Coincidentally, Jacob deGrom also got 29 out of 30 first place votes when he was named the Cy Young Award winner last season, when the San Diego Union Tribune's John Maffei voted for Max Scherzer over deGrom.
Maffei infamously was uninterested in discussing his decision, hanging up on WFAN's Steve Somers when the radio host attempted to find some kind of explanation for not voting for deGrom.
This year, it was The Athletic's Andrew Baggarly preventing Alonso from a unanimous selection, instead opting for Braves pitcher Mike Soroka. But rather than refusing to explain himself, Baggarly did the opposite, throwing himself at the mercy of Mets fans with a full explanation in print form.
"Hi, Mets fans. Please don't hate me for voting Mike Soroka over Pete Alonso for NL Rookie of the Year," reads the headline of the piece. Baggarly, having covered the San Francisco Giants beat for the past 15 seasons, seems to be aware he's not likely to make any new friends on the east coast.
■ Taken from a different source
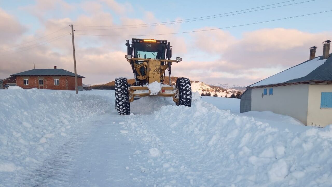 İl Özel İdaresi ekiplerince yolların ulaşıma açılması amacıyla iş makineleri yardımıyla çalışma yürütülüyor.

Citing rising home run totals throughout baseball and a host of advanced metrics, Baggarly explained that, in his opinion, Soroka keeping opposing hitters in the ballpark was more noteworthy than Alonso blasting pitches out of them. The Braves pitcher outranked Alonso in Win Probability Added, Wins Above Average and bWAR.
"In other words … using the most respected current statistical measures that allow us to make the least dodgy comparison between a right-handed pitcher and a slugging first baseman, yes, you can make a clear case that Soroka's season was every bit as valuable if not more so than Alonso's.
As impressive as Alonso was, as much as he captivated all of Queens, as swell a guy as he is, as compelling as his personal narrative might be, I just couldn't get past this basic conclusion:
What Soroka did was more impressive.
What could be harder in today's major-league climate with its Top Flite balls and 30-homer 7-hole hitters than to be a rookie pitcher? And what skill is more rare and valuable than the ability to keep the ball in the ballpark?"
Baggarly went on to break down the debate using advanced metrics, but knew that no matter what he said to justify his vote, it wasn't going to make Mets fans feel that much better.
"It will be bad, they told me," Baggarly writes. "Very, very bad. Mets Twitter is a special flavor of Twitter."
So how bad is it going to be? Are you swayed by Baggarly's statistical breakdown, or will he rue the day he ran afoul of Mets fans everywhere?